===== Supplied records
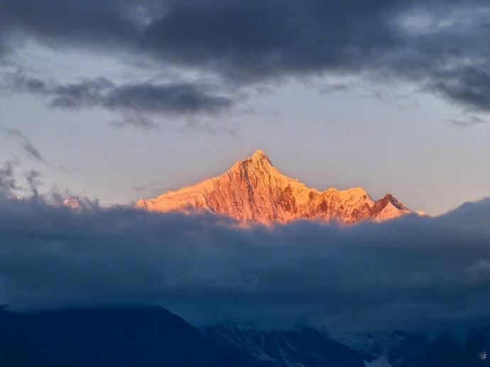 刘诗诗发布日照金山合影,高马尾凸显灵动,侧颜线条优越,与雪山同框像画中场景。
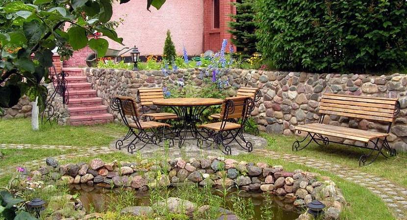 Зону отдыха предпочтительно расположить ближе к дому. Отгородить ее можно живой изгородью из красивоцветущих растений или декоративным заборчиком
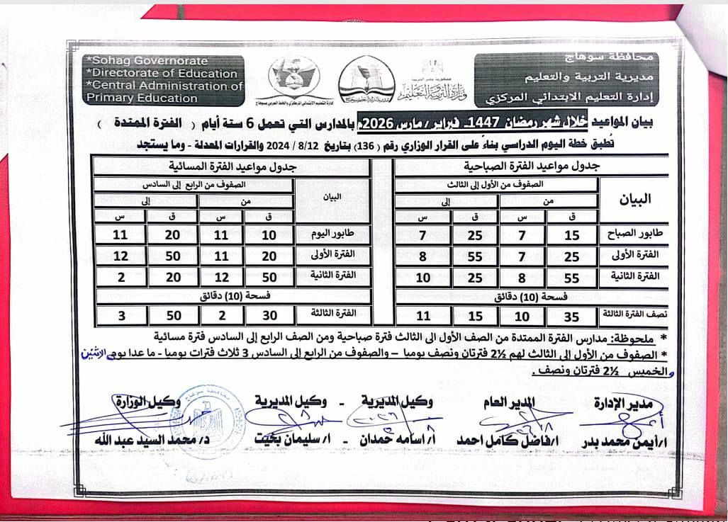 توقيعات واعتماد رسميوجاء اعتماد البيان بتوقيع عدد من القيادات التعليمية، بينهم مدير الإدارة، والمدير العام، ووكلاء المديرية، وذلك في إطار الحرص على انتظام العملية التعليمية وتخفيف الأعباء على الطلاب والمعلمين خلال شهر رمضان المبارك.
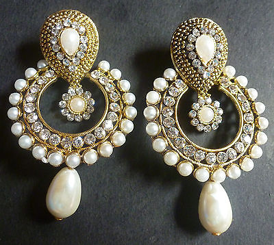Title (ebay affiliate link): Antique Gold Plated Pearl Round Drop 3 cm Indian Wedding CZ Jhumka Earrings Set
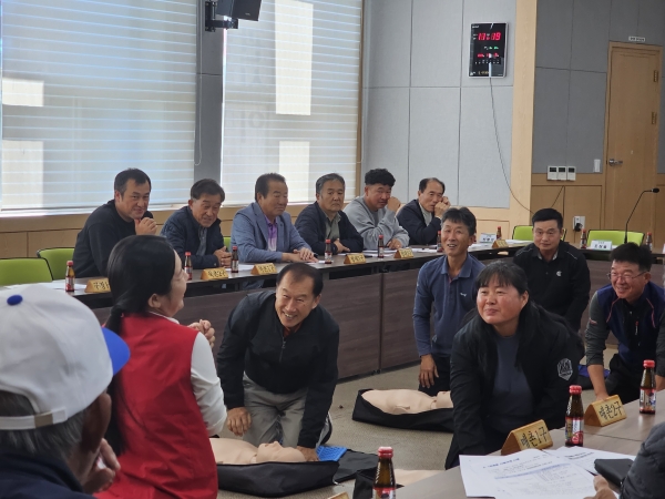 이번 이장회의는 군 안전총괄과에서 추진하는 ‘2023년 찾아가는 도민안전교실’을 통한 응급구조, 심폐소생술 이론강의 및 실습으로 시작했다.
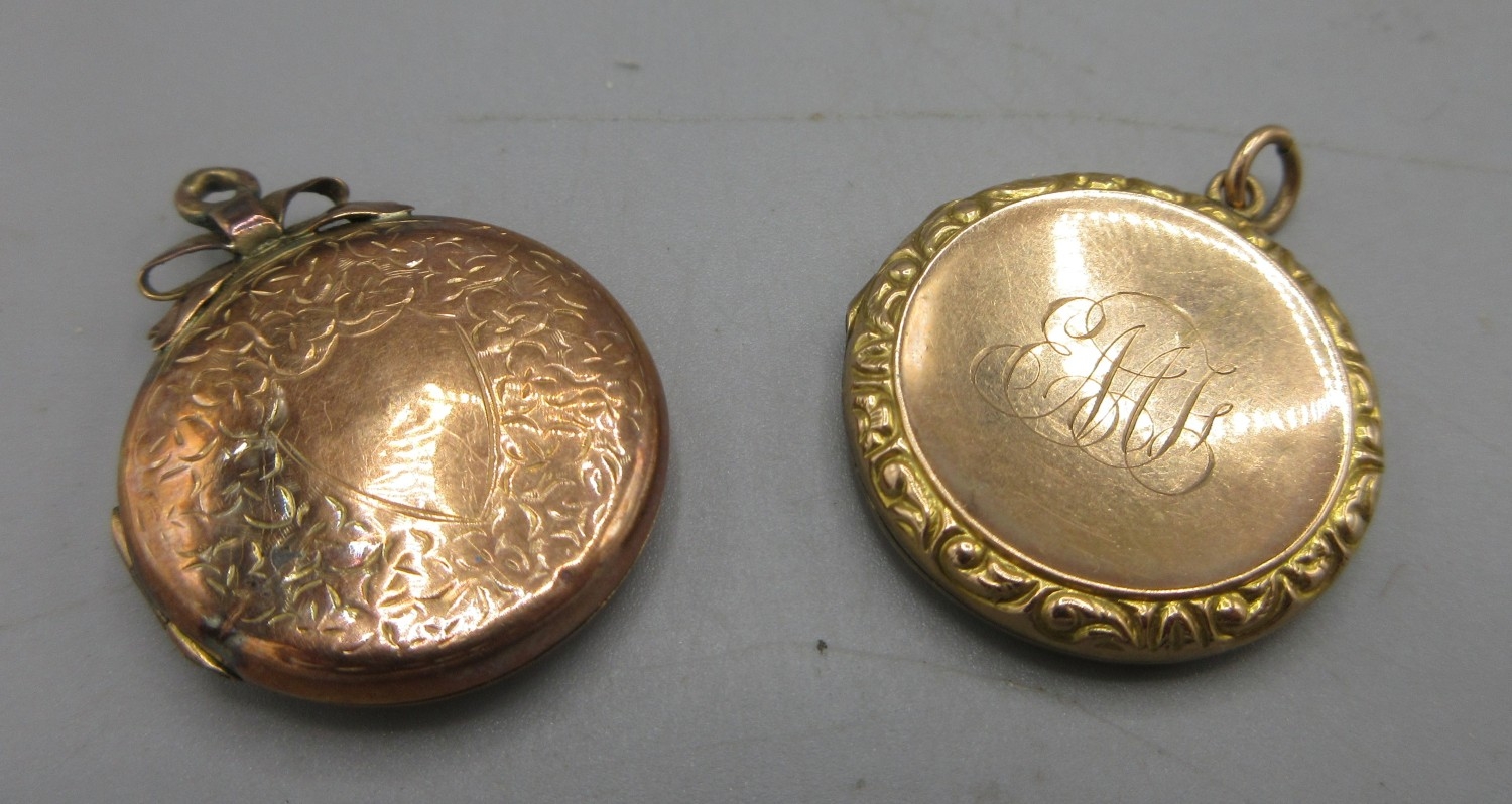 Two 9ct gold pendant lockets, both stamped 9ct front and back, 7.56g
==========
Requirement: Output, line for line and exactly, the records above from their first line through the one with "Зону отдыха предпочтительно", both ends included, but no pictures.

Result for this exercise:
 刘诗诗发布日照金山合影,高马尾凸显灵动,侧颜线条优越,与雪山同框像画中场景。
 Зону отдыха предпочтительно расположить ближе к дому. Отгородить ее можно живой изгородью из красивоцветущих растений или декоративным заборчиком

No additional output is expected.